If I might do the honors for Kirk?

http://www.guardian.co.uk/
bush/story/0,7369,658094,00.html

It's notable for Lilek's brutal evisceration of the author's prejudices. I can't find it on his own blog, but it's reprinted here:

http://blogrecord.blogspot.com/
2002_02_24_archive.html

XWL said...

Here's the original piece by Matthew Engel in the Guardian way back in April 2002.

Here's a version helpfully annotated and dissected by James Lileks.

Grrrrr.

Kev beat me to it.
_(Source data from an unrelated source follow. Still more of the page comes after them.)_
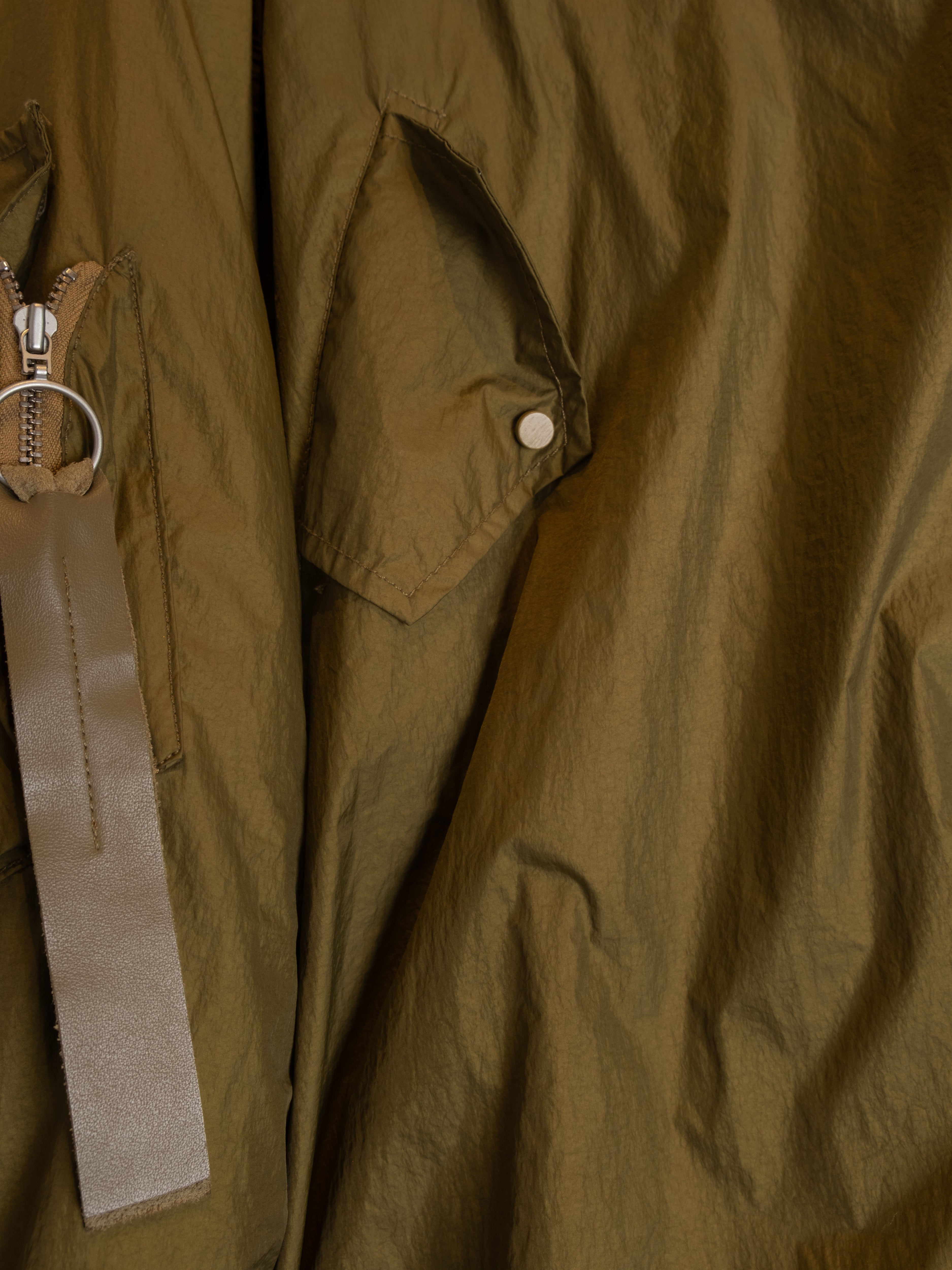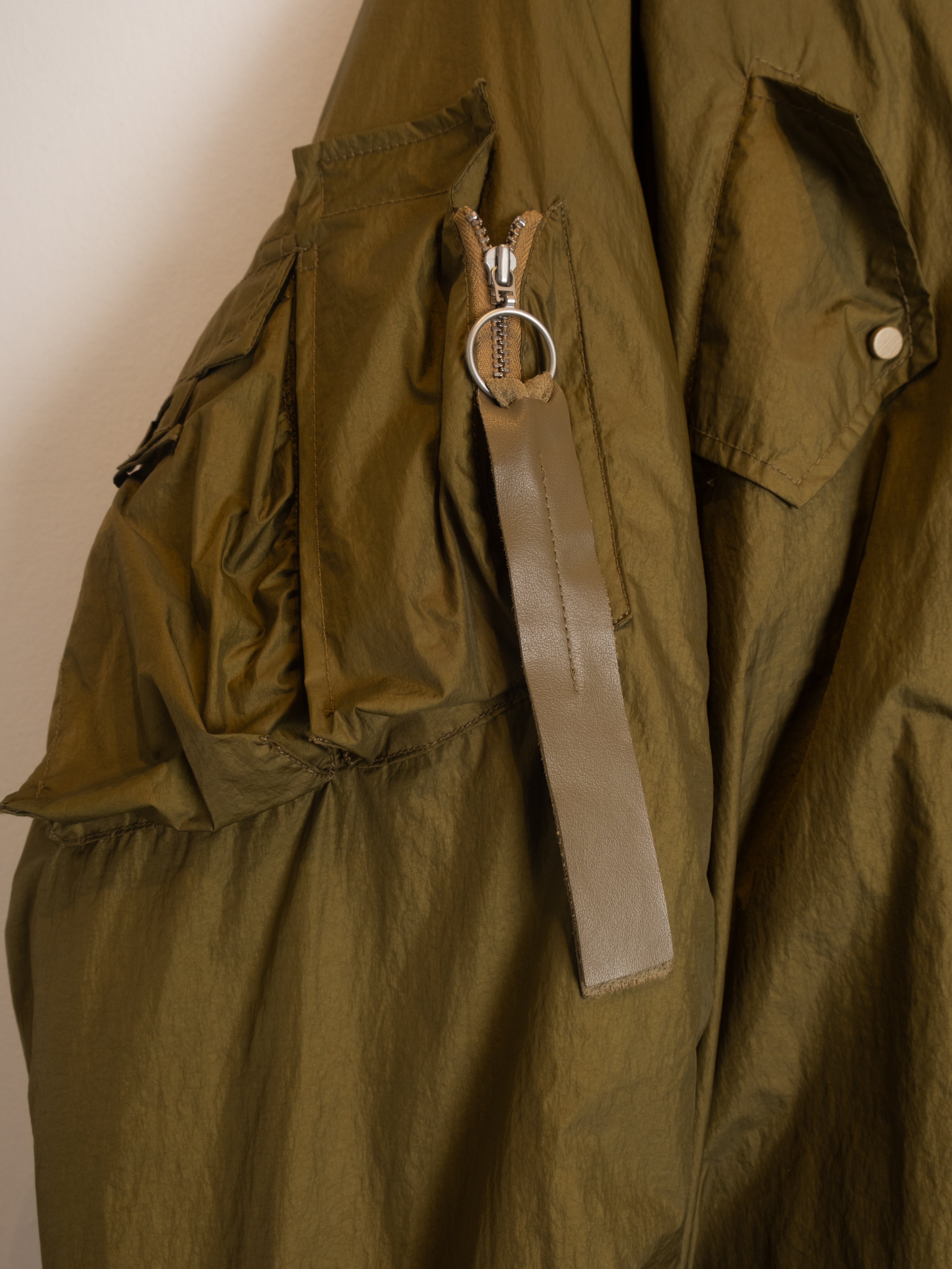• שרוולים רחבים עם כיסי צד ופרטי רוכסנים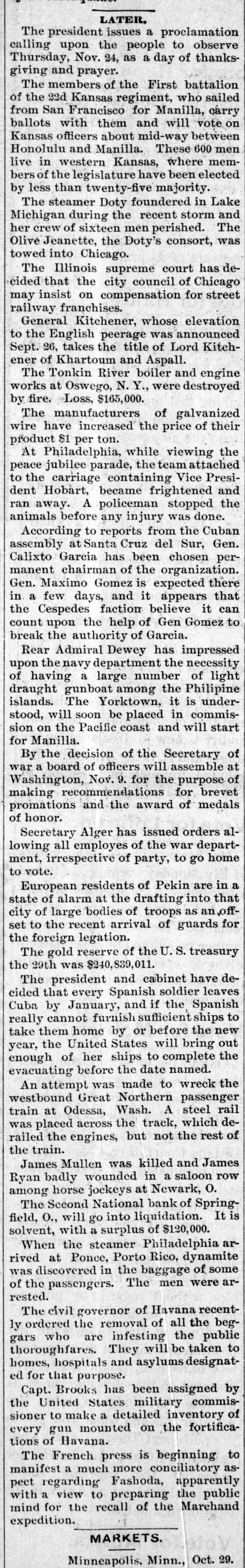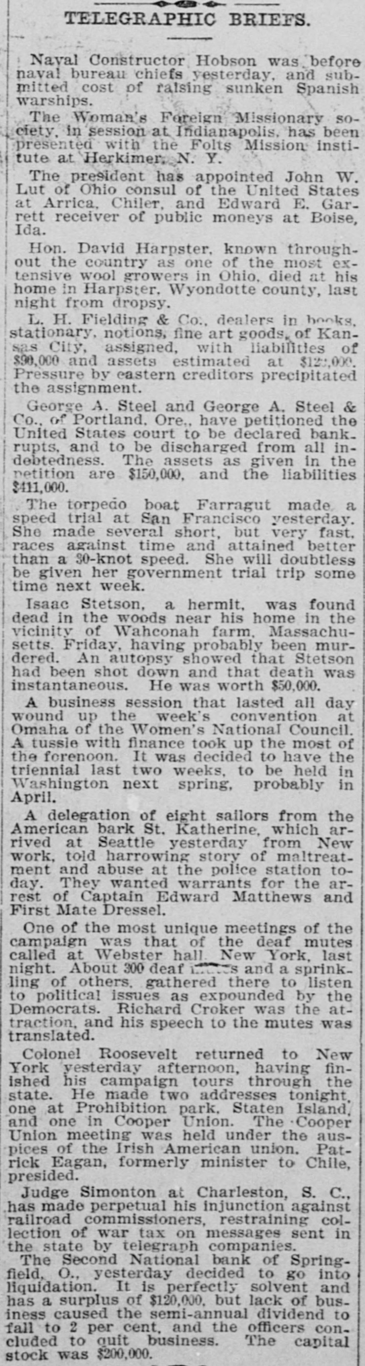 TELEGRAPHIC BRIEFS. Naval Constructor Hobson was before naval bureau chiefs yesterday, and submitted cost of raising sunken Spanish warships. The Woman's Foreign Missionary society, in session at Indianapolis, has been presented with the Folts Mission institute at Herkimer, N. Y. The president has appointed John W. Lut of Ohio consul of the United States at Arrica. Chiler, and Edward E. Garrett receiver of public moneys at Boise, Ida. Hon. David Harpster, known throughout the country as one of the most extensive wool growers in Ohio. died at his home in Harpster. Wyondotte county, last night from dropsy. L. H. Fielding & Co., dealers in books. stationary, notions, fine art goods, of Kansas City, assigned, with liabilities of $90,000 and assets estimated at $120,000. Pressure by eastern creditors precipitated the assignment. George A. Steel and George A. Steel & Co., of Portland, Ore., have petitioned the United States court to be declared bank. rupts, and to be discharged from all indebtedness. The assets as given in the petition are $150,000, and the liabilities $411,000. The torpedo boat Farragut made a speed trial at San Francisco yesterday. She made several short, but very fast. races against time and attained better than a 30-knot speed. She will doubtless be given her government trial trip some time next week. Isaac Stetson, a hermit. was found dead in the woods near his home in the vicinity of Wahconah farm, Massachusetts. Friday, having probably been murdered. An autopsy showed that Stetson had been shot down and that death was instantaneous. He was worth $50,000. A business session that lasted all day wound up the week's convention at Omaha of the Women's National Council. A tussie with finance took up the most of the forenoon. It was decided to have the triennial last two weeks, to be held in Washington next spring, probably in April. A delegation of eight sailors from the American bark St. Katherine, which arrived at Seattle yesterday from New work, told harrowing story of maltreat. ment and abuse at the police station today. They wanted warrants for the arrest of Captain Edward Matthews and First Mate Dressel. One of the most unique meetings of the campaign was that of the deaf mutes called at Webster hall. New York, last night. About 300 deaf I and a sprinkling of others. gathered there to listen to political issues as expounded by the Democrats. Richard Croker was the attraction, and his speech to the mutes was translated. Colonel Roosevelt returned to New York yesterday afternoon, having finished his campaign tours through the state. He made two addresses tonight. one at Prohibition park, Staten Island, and one in Cooper Union. The Cooper Union meeting was held under the auspices of the Irish American union. Patrick Eagan, formerly minister to Chile, presided. Judge Simonton at Charleston, S. C., has made perpetual his injunction against railroad commissioners, restraining collection of war tax on messages sent in the state by telegraph companies. The Second National bank of Springfield, O., yesterday decided to go into liquidation. It is perfectly solvent and has a surplus of $120,000. but lack of business caused the semi-annual dividend to fall to 2 per cent. and the officers concluded to quit business. The capital stock was $200,000.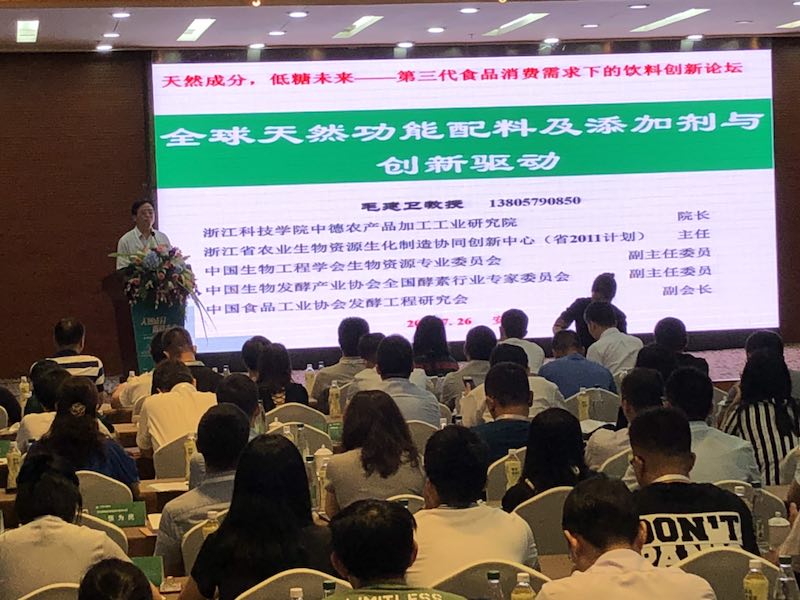 2018年7月26日至27日,以“天然成分,低糖未来”为主题的“中国第三代食品消费需求下的饮料创新论坛”安吉召开,浙江省饮料工业协会,浙江科技学院等主办。可口可乐、达能、芬美意创香、普若味可、伊藤园、娃哈哈、东鹏、安利、农夫山泉等100余家全球饮料行业巨头、食品配料供应商、科研院所专家与安吉县领导及各职能部门负责人200余位嘉宾齐聚一堂,分享观点,为推动行业转型升级建言献策,呈现了一场精彩纷呈的思想盛宴。

But at least I managed to turn the addresses into links for your convenience.

Kevin said...

Is it just me, or are British commenters wont to be superficial and condescending?

Perhaps it comes from their colonial heritage of knowing what was best for the natives.

Henry said...

Robert Cook, I alert you to this unsupported generalization: "Clarence Thomas [is] generally regarded as the weakest of the judges...." Generally regarded by whom?

In the US the nine judges of the highest court are national news: here their equivalent, the 12 law lords, are virtually unknown outside the legal world....

And here they are:

Lord Bingham of Cornhill, K.G., Senior Lord of Appeal in Ordinary
Lord Hoffmann, Second Senior Lord of Appeal in Ordinary
Lord Hope of Craighead
Lord Saville of Newdigate
Lord Scott of Foscote
Lord Rodger of Earlsferry
Lord Walker of Gestingthorpe
Lady Hale of Richmond
Lord Carswell
Lord Brown of Eaton-under-Heywood
Lord Mance
Lord Neuberger of Abbotsbury

Lady Hale was the first first female Lord of Appeal in Ordinary, named in 2003.

Alan said...

So Berlin reads Toobin's biased account of Bush v. Gore and it confirms his own bias. Impressive.

SteveR said...

Lord Hope of Craighead?!!

I thought he was in a stall in Minneapolis.

Kirk Parker said...

Ann,

No problem; I'll put my minions Kev and XWL on the task!

:-)

And wow--how could I have forgotten that it was Lileks doing the takedown?

XWL said...

Minion is no longer an acceptable term, I believe the coinage currently en vogue is, "Lackey-American".

Kirk Parker said...

Hey all,

See why I have my, ah, Lackey-Americans do my research for me? They're good at it!

Kev said...

Thanks, X. I thought I had set those up as links, but my html-fu is weak today.

Kev said...

And I prefer 'Servitor,' myself. Sounds more dignified.

Eli Blake said...

Without getting into the merits of Bush v. Gore just keep in mind that the justices who voted in the majority were:

Rehnquist, Scalia, Thomas, Kennedy, O'Connor

while the minority were:

Stevens, Souter, Ginsberg, Breyer.

Now, as I said let's not debate whether the decision was right or wrong-- we all have our opinions about that and none of us will change each other's minds. But plainly, it was political (as was the Florida Supreme Court decision for that matter.) To suppose otherwise is to intentionally see the world with blinders.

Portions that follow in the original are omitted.